2 sex male . . 150 0.75 .
3 sex female age old 25 0.50 0.33
4 sex female age young 25 0.50 0.20
5 sex male age old 50 0.33 0.67
6 sex male age young 100 0.67 0.80
about which she writes,
> [...] this dataset would result from running two different tabulations. The
> first two observations [...] come from a single variable tabulation of sex.
> The subsequent 4 observations (3-6) [... result ...] from a cross
> tabulation of the dichotomous variables age and sex.
She adds,
> In stata by using [...an inventive but convoluted procedure...] I can get
> the percents, and with a little data manipulation the counts and names, but
> I cannot get the values [...] There must be a quicker way.

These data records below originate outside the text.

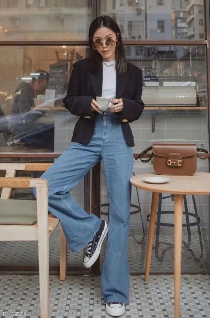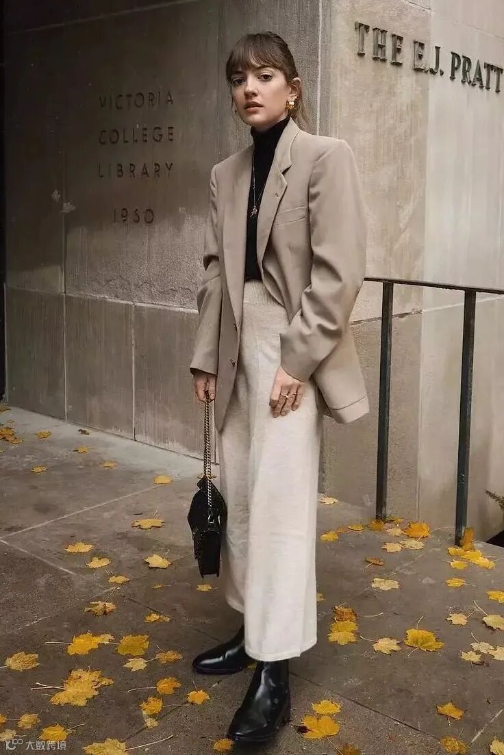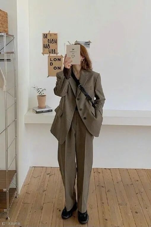 西装+阔腿裤,真的是能够让你穿得舒服又时髦。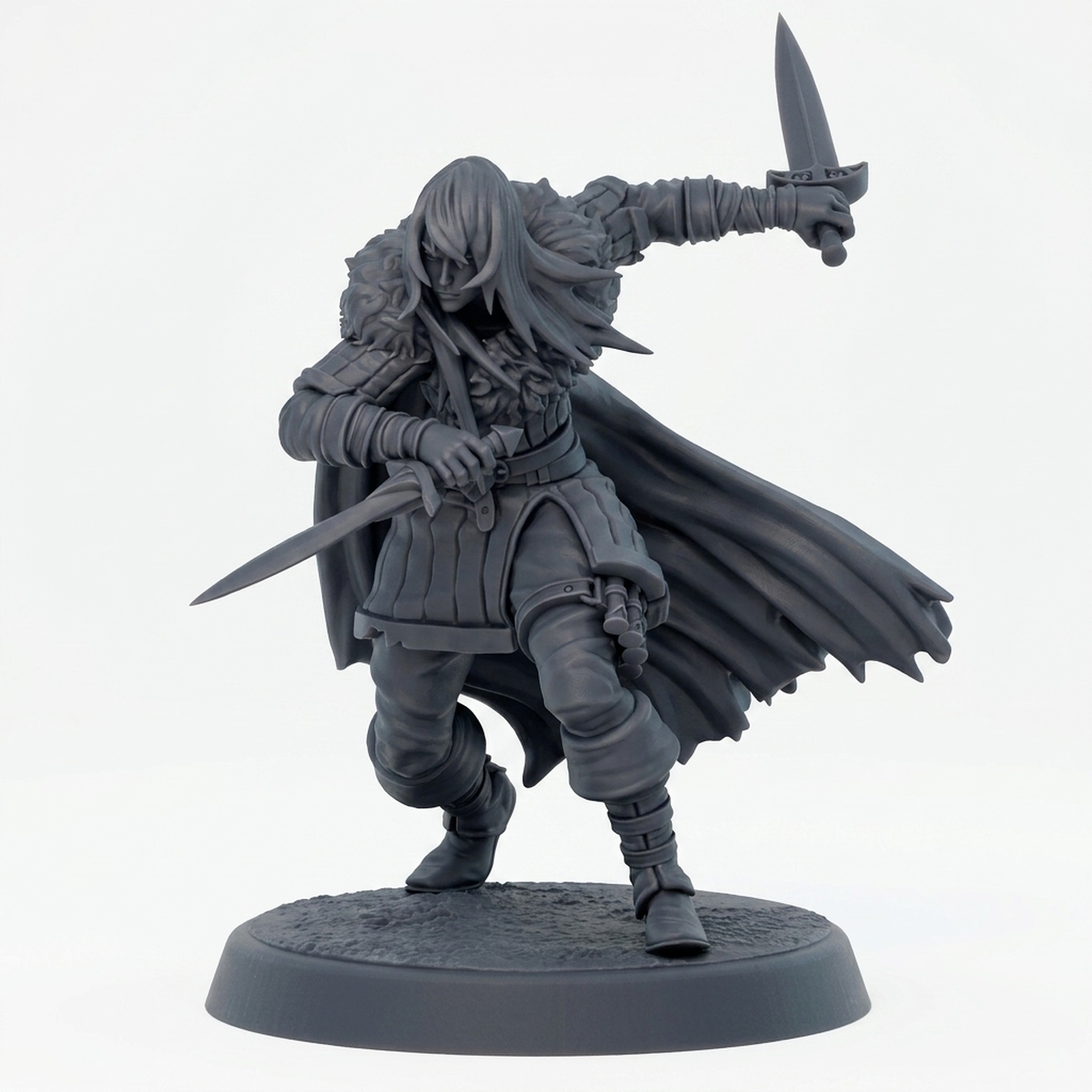 Whether you see her as an elusive rogue, a determined ranger on a fresh trail, or a deadly bounty hunter, this highly detailed miniature is a versatile addition to any fantasy RPG like Dungeons & Dragons or Pathfinder. She works perfectly as a lethal player character or a formidable NPC tracking the party. The fine details, from the texture of her gear to the intense expression beneath her long hair, are expertly designed for painting, offering a rewarding project for miniature enthusiasts looking to bring a unique character to life.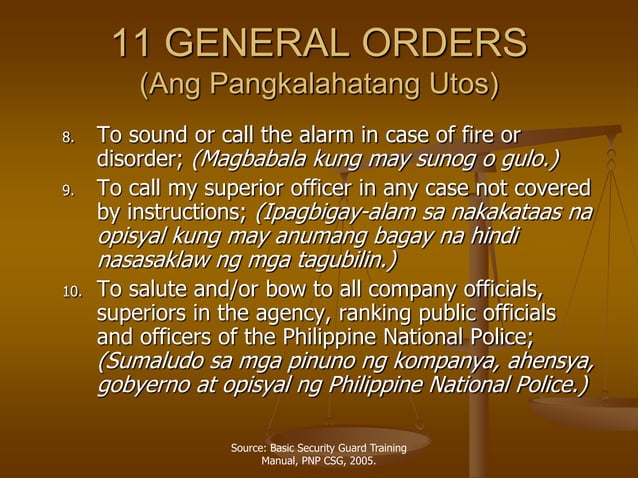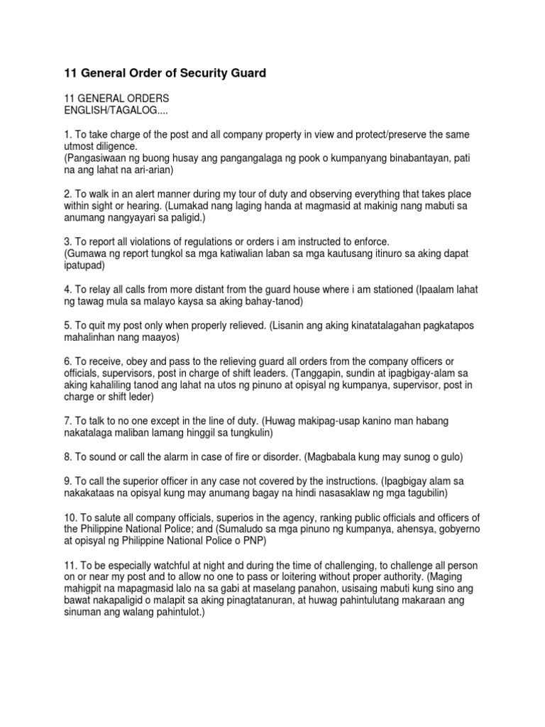 11 General Orders or (11GO's) ng mga Security Guard English & Tagalog ...
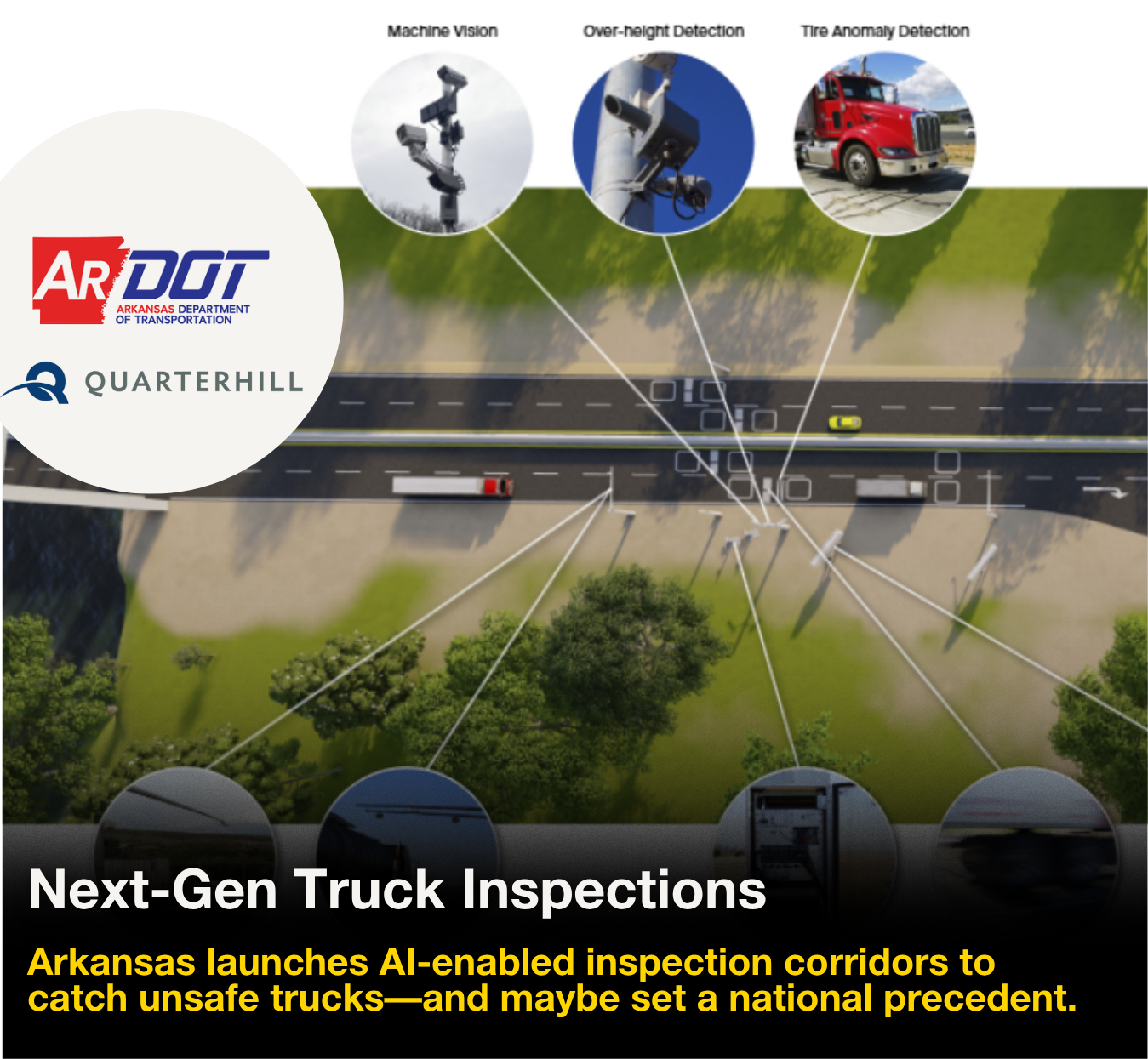 🚦 Arkansas Launches $2.7 Million AI Truck Inspection Project. The Arkansas DOT and Quarterhill Inc. announced a $2.7 million initiative to deploy AI-enabled truck inspection systems along I-40 Eastbound in Lehi and I-55 Southbound in Marion. According to Quarterhill’s October 9 press release, the project will integrate Weigh-in-Motion sensors, tire anomaly detection, license plate recognition, and real-time credential verification to flag safety risks without pulling every truck off the road. “This project demonstrates how technical innovation and collaboration can solve real-world challenges in freight management,” said Quarterhill CEO Chuck Myers.

Problem is, Rita is still thinking SAS while using Stata.
Introduction, one-way tabulations
---------------------------------
To obtain a dataset containing the results of a one-way tabulation, here
is one recipe:
. sort <varname>
. by <varname>: gen count = _N
. by <varname>: keep if _n==_N
. keep <varname> count
Let's try it with the auto data:
. sysuse auto, clear
(1978 Automobile Data)
. sort rep78
. by rep78: gen count=_N
. by rep78: keep if _n==_N
(68 observations deleted)
. keep rep78 count
. list
rep78 count
1. 1 2
2. 2 8
3. 3 30
4. 4 18
5. 5 11
6. . 5
Note that we got the missing value. If we did not want that, we could
now type
. drop if missing(rep78)
We also do not have the percent. That's easy enough to get:
. gen sum = sum(count)
. gen percent = count/sum[_N]
Doing that with the dataset above (and leaving in the missings), we would
get:
. list
rep78 count sum percent
1. 1 2 2 .027027
2. 2 8 10 .1081081
3. 3 30 40 .4054054
4. 4 18 58 .2432432
5. 5 11 69 .1486486
6. . 5 74 .0675676
If we did not want variable sum, we could drop it by typing
. drop sum
So the entire solution is
. sort <varname>
. by <varname>: gen count = _N
. by <varname>: keep if _n==_N
. keep <varname> count
. gen sum = sum(count)
. generate percent = count/sum[_N]
. drop sum
Introduction, two-way tabulations
---------------------------------
Obtaining two-way tabulations is no more difficult that one-way tabulations:
. sort <varname1> <varname2>
. by <varname1> <varname2>: gen count = _N
. by <varname1> <varname2>: keep if _n==_N
. keep <varname1> <varname2> count
The solution is the same, we just -sort- and -by- on more variables. Getting
the two percentages is a little more work then in the one-way case:
. by <varname1>: gen sum = sum(count)
. by <varname1>: gen percent1 = count/sum[_N]
. drop sum
. sort <varname2>
. by <varname2>: gen sum = sum(count)
. by <varname2>: gen percent2 = count/sum[_N]
. drop sum
I follow the above procedure using the auto data, substituting rep78 for
<varname1> and foreign for <varname2>. Before listing the data, I
-sort rep78 foreign-:
. list, clean
rep78 foreign count percent1 percent2
1. 1 Domestic 2 1 .0384615
2. 2 Domestic 8 1 .1538462
3. 3 Domestic 27 .9 .5192308
4. 3 Foreign 3 .1 .1363636
5. 4 Domestic 9 .5 .1730769
6. 4 Foreign 9 .5 .4090909
7. 5 Domestic 2 .1818182 .0384615
8. 5 Foreign 9 .8181818 .4090909
9. . Domestic 4 .8 .0769231
10. . Foreign 1 .2 .0454545
Combining results
-----------------
We now need to rename and append to get the results in the form Rita wants.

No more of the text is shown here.